WORK REQUIRED: Reproduce the lines below exactly, from the one containing "Probability of exceeding" through the one containing "ポケモン風あだ名 | 『ミリゴンZ』『ミリミダネ』 |", both included. Leave out any pictures.

GIVEN DATA:
/---

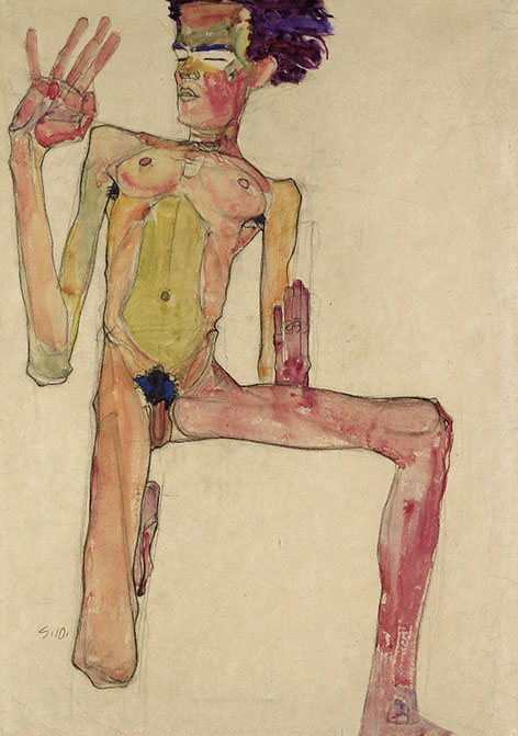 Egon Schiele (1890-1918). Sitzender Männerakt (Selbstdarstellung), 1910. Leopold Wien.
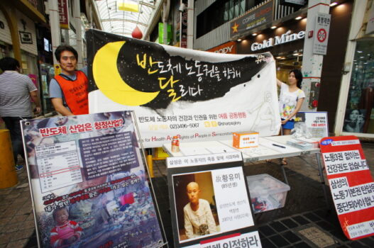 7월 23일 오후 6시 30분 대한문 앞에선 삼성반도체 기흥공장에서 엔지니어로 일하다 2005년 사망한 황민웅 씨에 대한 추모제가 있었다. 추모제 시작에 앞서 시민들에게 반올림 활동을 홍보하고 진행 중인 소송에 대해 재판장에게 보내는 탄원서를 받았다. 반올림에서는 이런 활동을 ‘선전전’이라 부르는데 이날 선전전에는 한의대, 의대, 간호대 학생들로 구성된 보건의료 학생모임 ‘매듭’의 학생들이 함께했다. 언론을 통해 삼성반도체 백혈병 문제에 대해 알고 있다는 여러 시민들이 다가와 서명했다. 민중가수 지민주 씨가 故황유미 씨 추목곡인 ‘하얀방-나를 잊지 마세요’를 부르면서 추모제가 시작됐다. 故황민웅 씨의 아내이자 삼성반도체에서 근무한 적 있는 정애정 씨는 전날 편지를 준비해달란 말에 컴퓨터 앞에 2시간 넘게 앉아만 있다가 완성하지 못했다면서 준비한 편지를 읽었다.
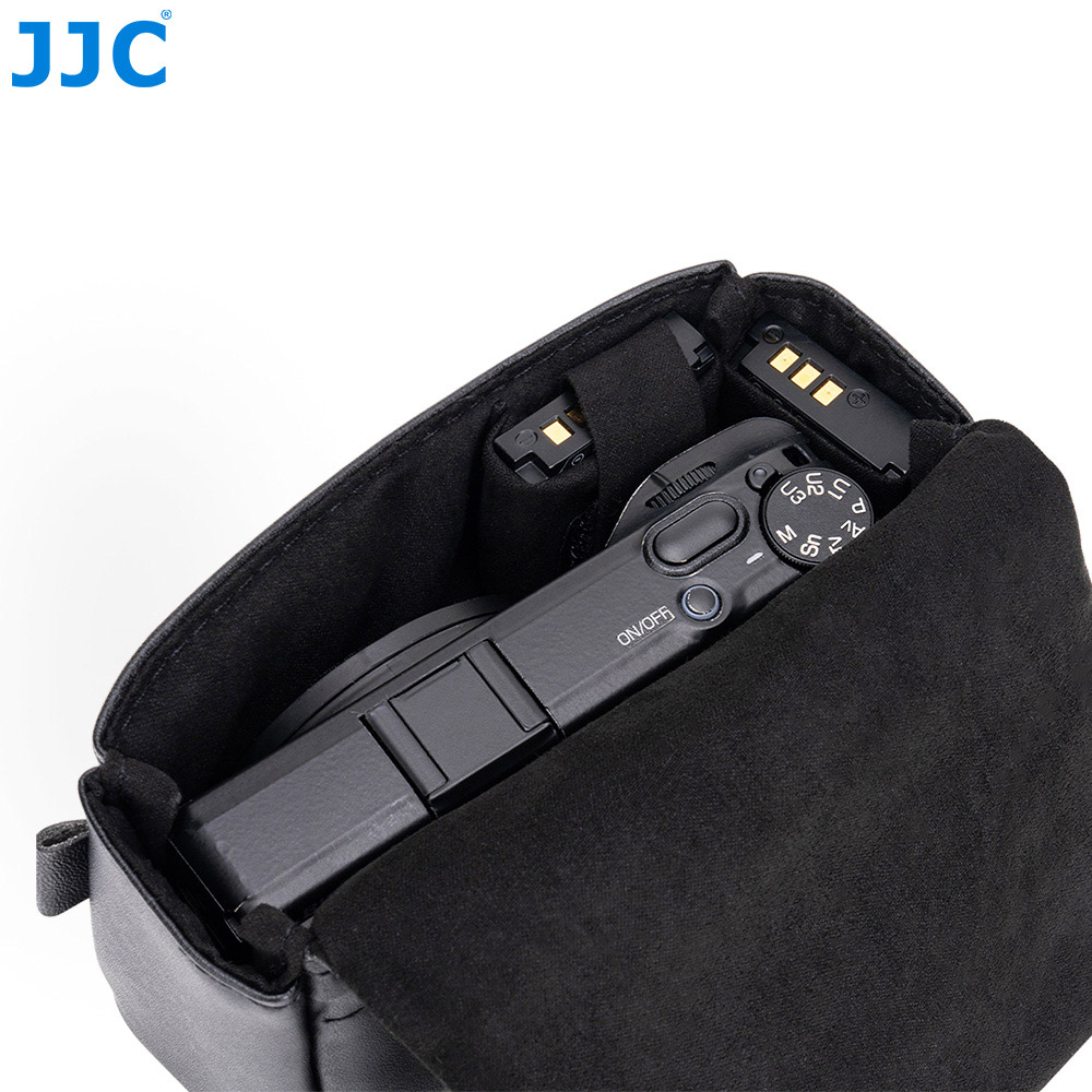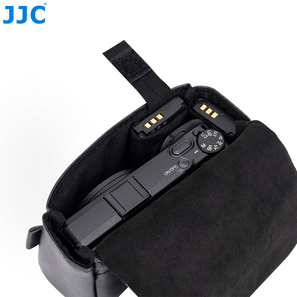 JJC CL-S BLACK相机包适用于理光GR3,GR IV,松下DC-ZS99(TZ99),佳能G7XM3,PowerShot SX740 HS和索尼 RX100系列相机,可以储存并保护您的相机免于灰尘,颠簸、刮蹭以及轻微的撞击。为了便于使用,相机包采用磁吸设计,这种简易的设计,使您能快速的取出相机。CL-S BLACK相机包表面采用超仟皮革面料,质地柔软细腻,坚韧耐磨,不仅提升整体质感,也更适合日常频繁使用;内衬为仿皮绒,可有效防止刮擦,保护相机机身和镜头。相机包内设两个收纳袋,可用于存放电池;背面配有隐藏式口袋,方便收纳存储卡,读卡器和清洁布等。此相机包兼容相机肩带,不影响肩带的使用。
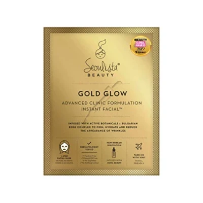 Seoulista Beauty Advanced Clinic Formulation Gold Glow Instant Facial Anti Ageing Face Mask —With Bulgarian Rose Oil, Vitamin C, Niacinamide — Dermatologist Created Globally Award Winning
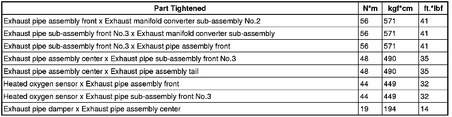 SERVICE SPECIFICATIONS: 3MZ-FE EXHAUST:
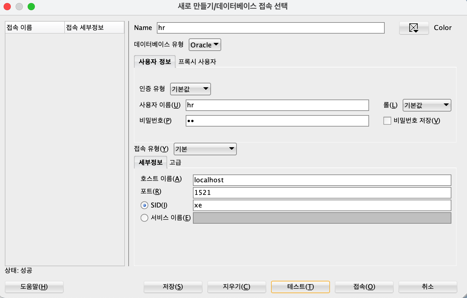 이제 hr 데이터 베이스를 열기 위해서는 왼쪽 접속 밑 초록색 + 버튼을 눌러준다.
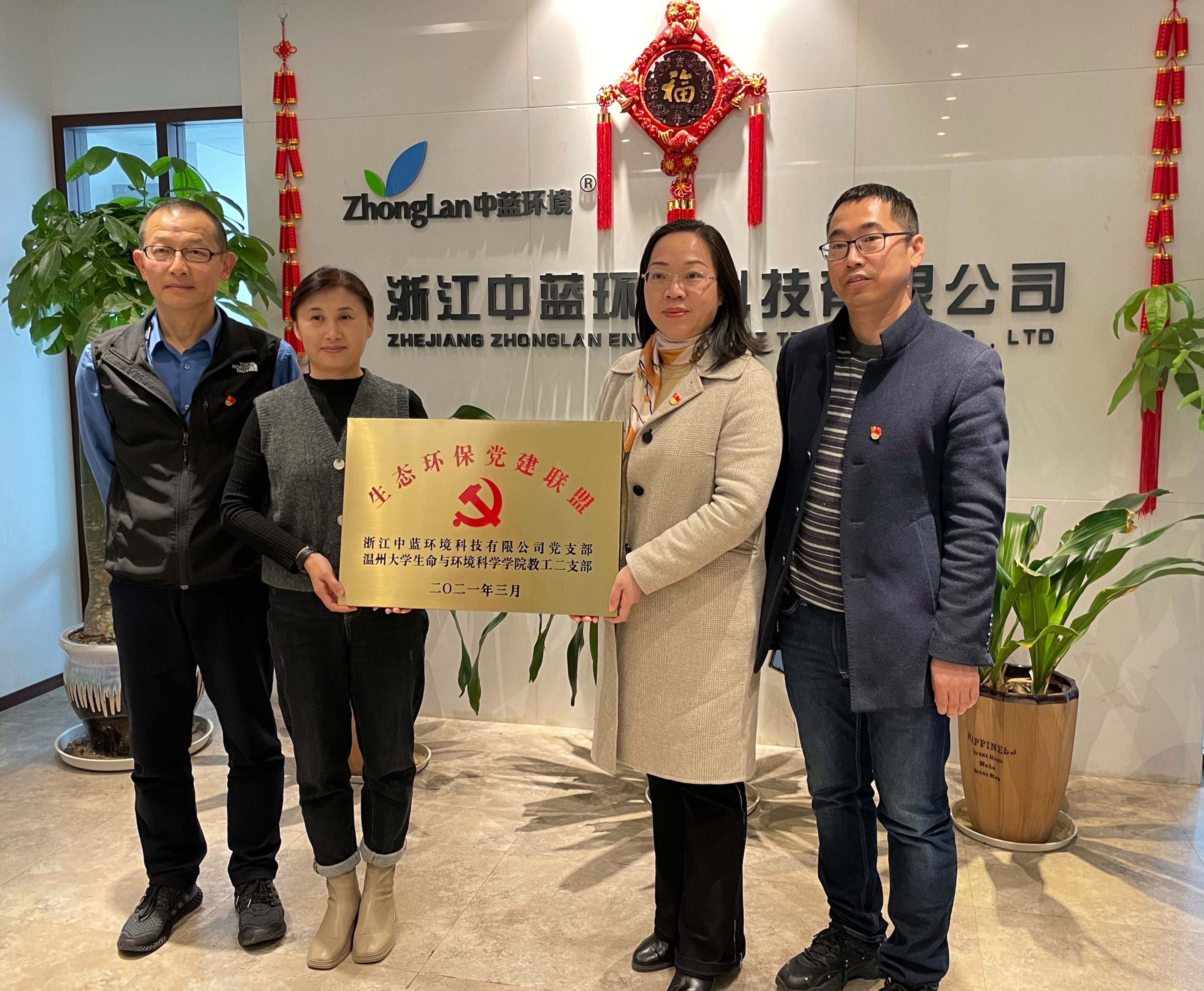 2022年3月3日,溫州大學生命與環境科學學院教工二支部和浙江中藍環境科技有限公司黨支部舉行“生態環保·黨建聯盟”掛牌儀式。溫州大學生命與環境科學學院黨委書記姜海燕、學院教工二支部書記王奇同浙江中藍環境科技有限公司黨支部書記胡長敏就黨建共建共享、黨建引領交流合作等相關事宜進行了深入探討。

\---
/---

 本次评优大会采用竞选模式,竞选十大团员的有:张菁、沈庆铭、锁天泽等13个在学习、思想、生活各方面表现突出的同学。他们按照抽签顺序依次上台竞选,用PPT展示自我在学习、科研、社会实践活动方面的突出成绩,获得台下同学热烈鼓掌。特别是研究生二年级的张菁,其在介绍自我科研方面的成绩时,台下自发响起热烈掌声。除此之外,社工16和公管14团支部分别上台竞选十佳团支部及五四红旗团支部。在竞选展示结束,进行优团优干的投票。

\---
/---

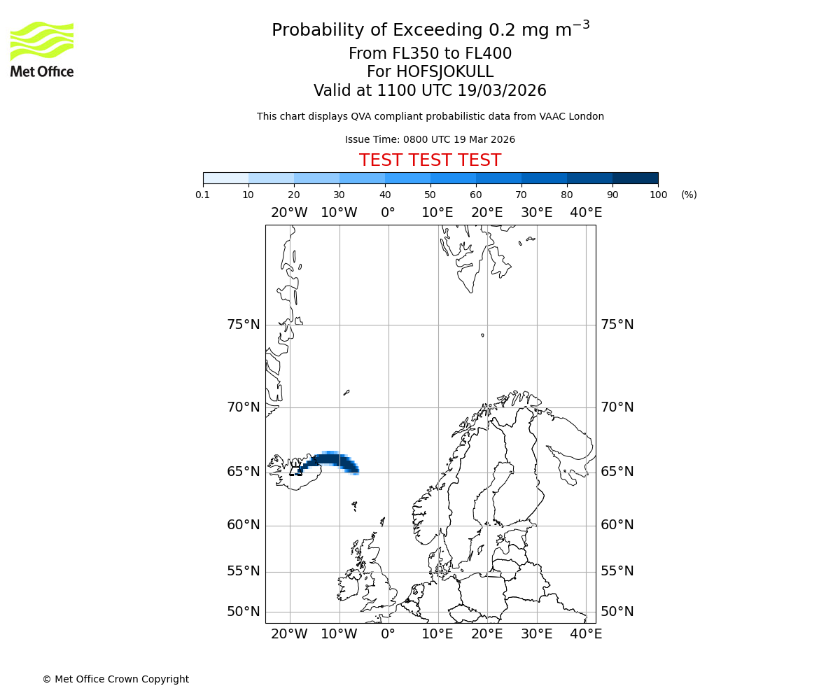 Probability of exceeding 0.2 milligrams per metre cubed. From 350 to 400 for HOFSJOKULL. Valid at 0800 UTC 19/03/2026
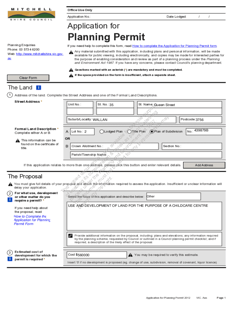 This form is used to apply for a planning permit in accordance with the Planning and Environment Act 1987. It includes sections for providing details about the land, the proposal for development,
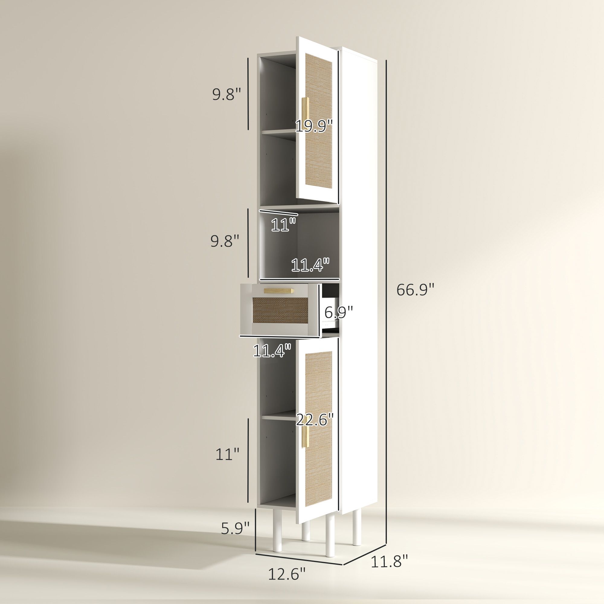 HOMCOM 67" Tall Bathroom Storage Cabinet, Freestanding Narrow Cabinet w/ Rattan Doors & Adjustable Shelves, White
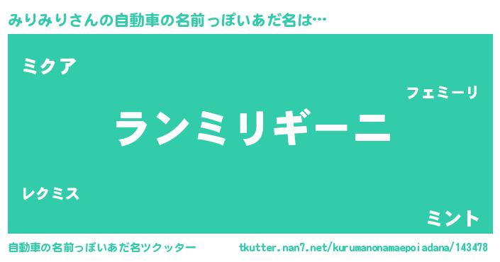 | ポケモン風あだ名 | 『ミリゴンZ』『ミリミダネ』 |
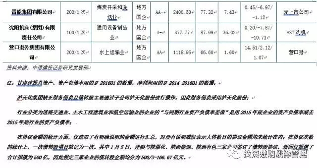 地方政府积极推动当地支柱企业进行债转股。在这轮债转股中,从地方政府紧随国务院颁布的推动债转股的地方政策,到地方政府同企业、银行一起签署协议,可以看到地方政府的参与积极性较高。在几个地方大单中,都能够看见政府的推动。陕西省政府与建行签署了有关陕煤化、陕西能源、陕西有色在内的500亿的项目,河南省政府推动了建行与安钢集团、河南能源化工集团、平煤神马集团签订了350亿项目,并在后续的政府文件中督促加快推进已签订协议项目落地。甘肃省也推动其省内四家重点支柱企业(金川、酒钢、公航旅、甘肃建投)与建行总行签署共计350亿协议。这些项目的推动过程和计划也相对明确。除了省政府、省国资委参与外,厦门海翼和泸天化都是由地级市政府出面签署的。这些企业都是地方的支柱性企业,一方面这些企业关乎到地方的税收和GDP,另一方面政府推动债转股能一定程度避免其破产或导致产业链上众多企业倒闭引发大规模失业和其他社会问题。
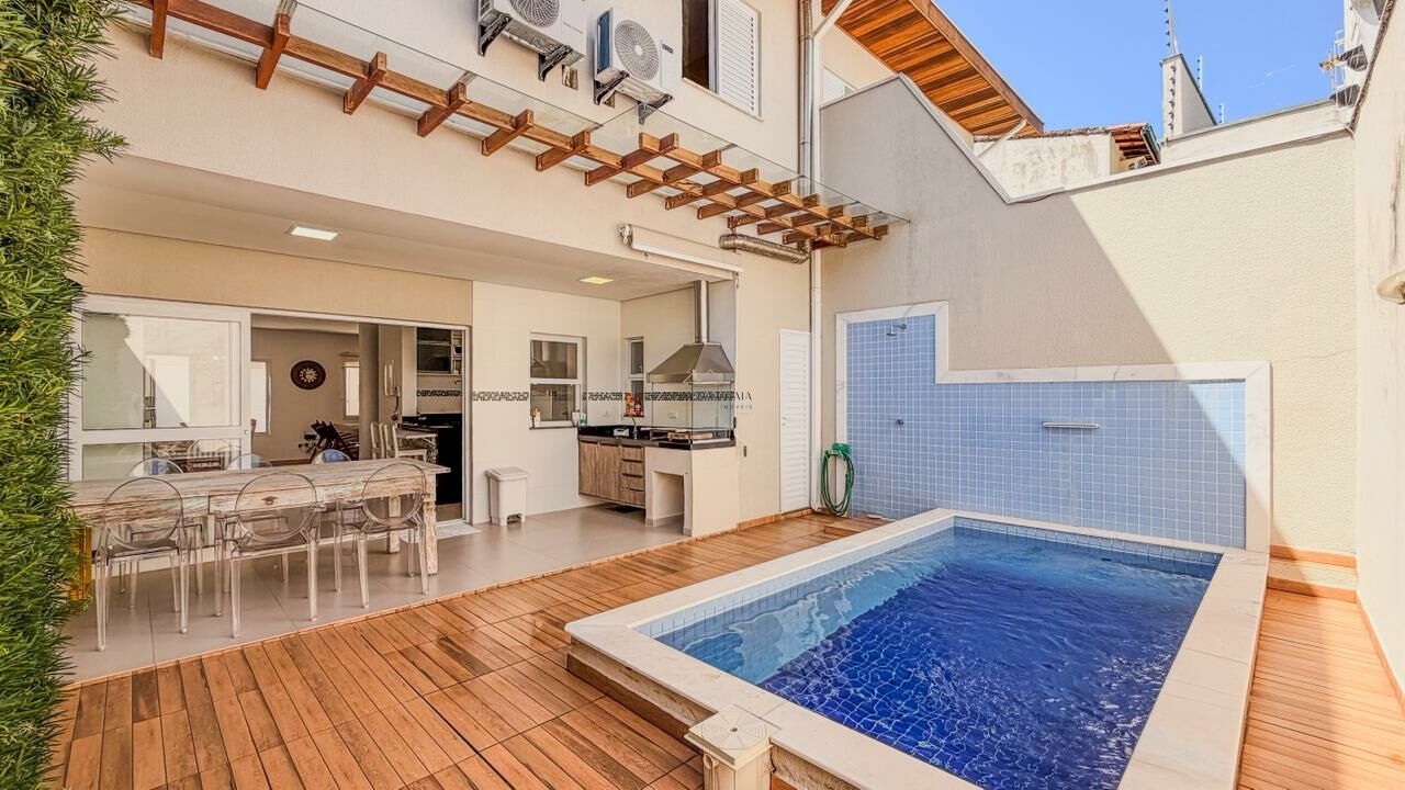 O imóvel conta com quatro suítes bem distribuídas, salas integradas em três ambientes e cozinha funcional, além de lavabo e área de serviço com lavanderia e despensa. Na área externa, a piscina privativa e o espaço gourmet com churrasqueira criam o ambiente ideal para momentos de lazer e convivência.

\---

RESPONSE BELOW:
 Probability of exceeding 0.2 milligrams per metre cubed. From 350 to 400 for HOFSJOKULL. Valid at 0800 UTC 19/03/2026
 This form is used to apply for a planning permit in accordance with the Planning and Environment Act 1987. It includes sections for providing details about the land, the proposal for development,
 HOMCOM 67" Tall Bathroom Storage Cabinet, Freestanding Narrow Cabinet w/ Rattan Doors & Adjustable Shelves, White
 | ポケモン風あだ名 | 『ミリゴンZ』『ミリミダネ』 |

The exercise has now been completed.